I am not particularly nostalgic for the Bush era either. But Obama’s Reinhold Niebuhr act comes with potential costs of its own. While the last president exuded a cowboyish certainty, this president is constantly examining his conscience in public — but if their policies are basically the same, the latter is no less of a performance. And there are ways in which it may be a more fundamentally dishonest one, because it perpetually promises harmonies that can’t be achieved and policy shifts that won’t actually be delivered.
That’s a cynical reading on Obama’s speech, but it feels like the right one. Listened to or skimmed, the address seemed to promise real limits on presidential power, a real horizon for the war on terror. But when parsed carefully, it’s not clear how much practical effect its promises will have.
For instance, the president insisted that “history will cast a harsh judgment” on indefinite detention — but proposed no actual plan to deal with Gitmo detainees who (in his own words) “we know have participated in dangerous plots or attacks but who cannot be prosecuted.” He promised that drone attacks would be carried out only amid “near-certainty that no civilians will be killed or injured” — but also suggested, in defiance of much evidence, that this standard is already being met.
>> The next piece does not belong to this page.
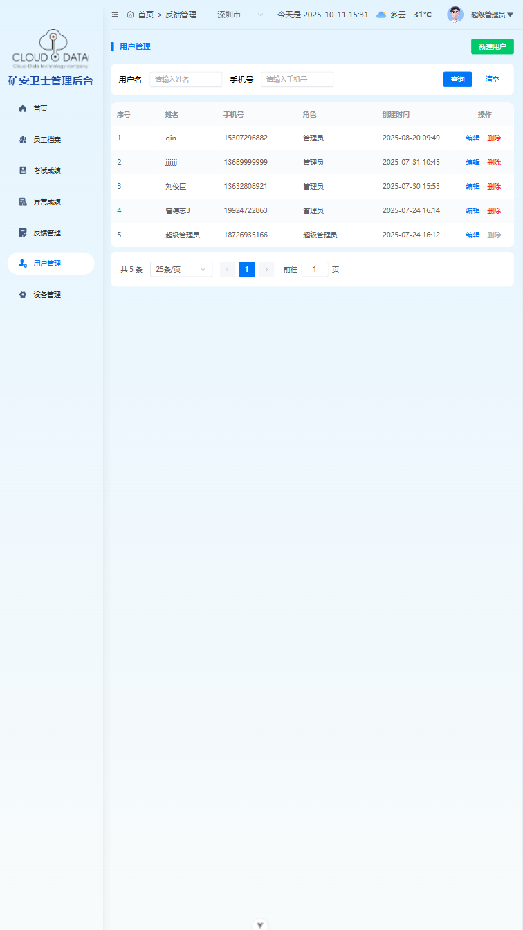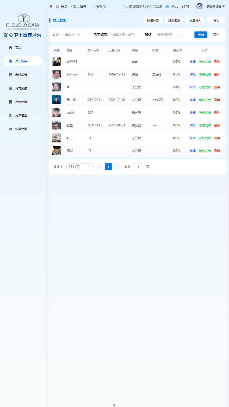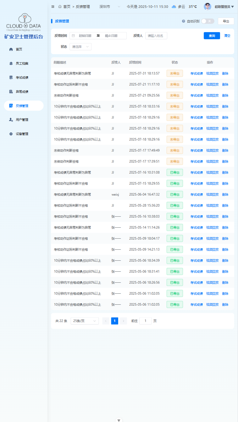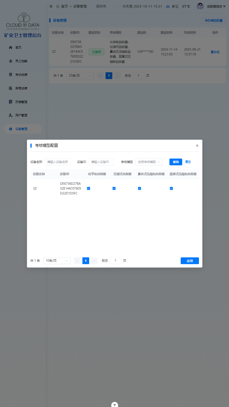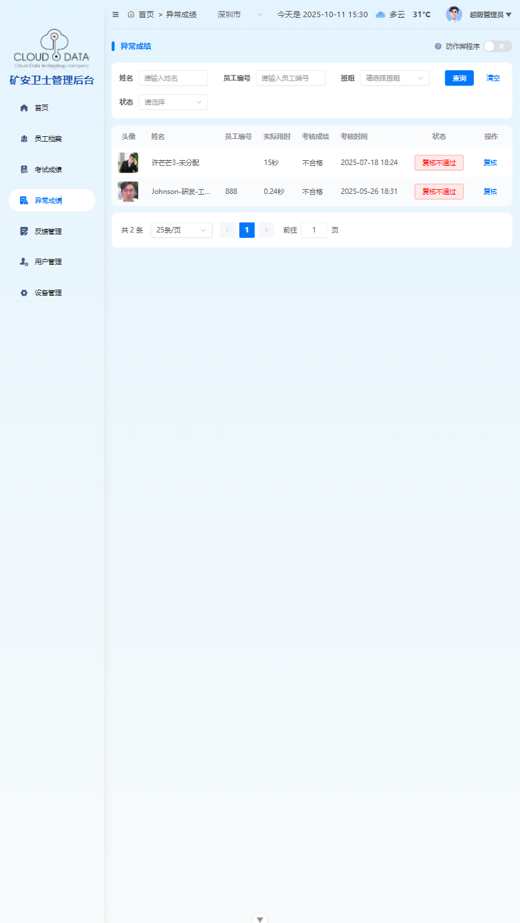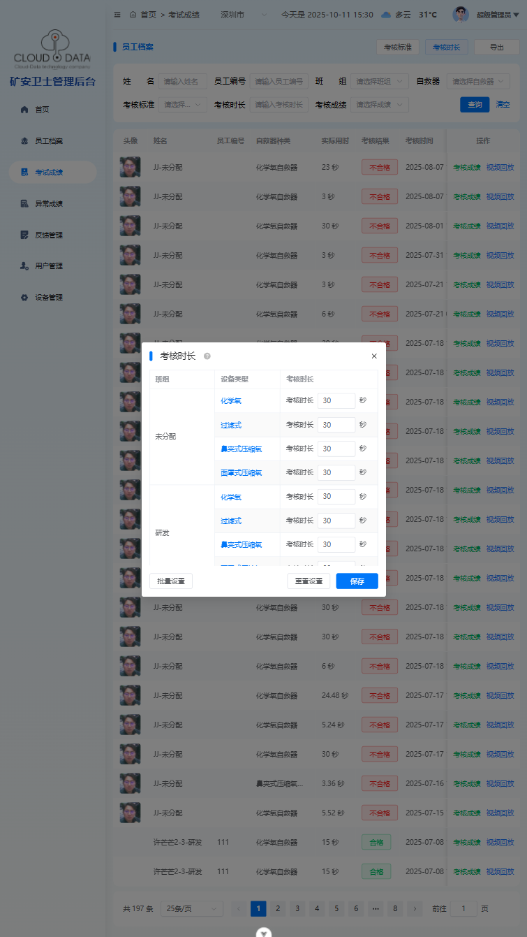 考核系统支持矿工人脸识别考试,判定四种自救器操作合格性,提供视频培训与实时判分的模拟考核;管理后台可管理员工档案与子管理员,查看考试成绩及录像、复核异常与反馈、设置考试参数、管理自救器类型,实现考核全流程数字化管控。

He pledged to support efforts to “ultimately repeal” the post-9/11 authorization for the use of military force — but offered no timetable to contradict the recent testimony from a Defense Department official projecting another 10 to 20 years of military activity.
Over all, as the Brookings Institution’s Benjamin Wittes put it, the speech seemed written to align Obama “as publicly as possible with the critics of the positions his administration is taking without undermining his administration’s operational flexibility in actual fact.”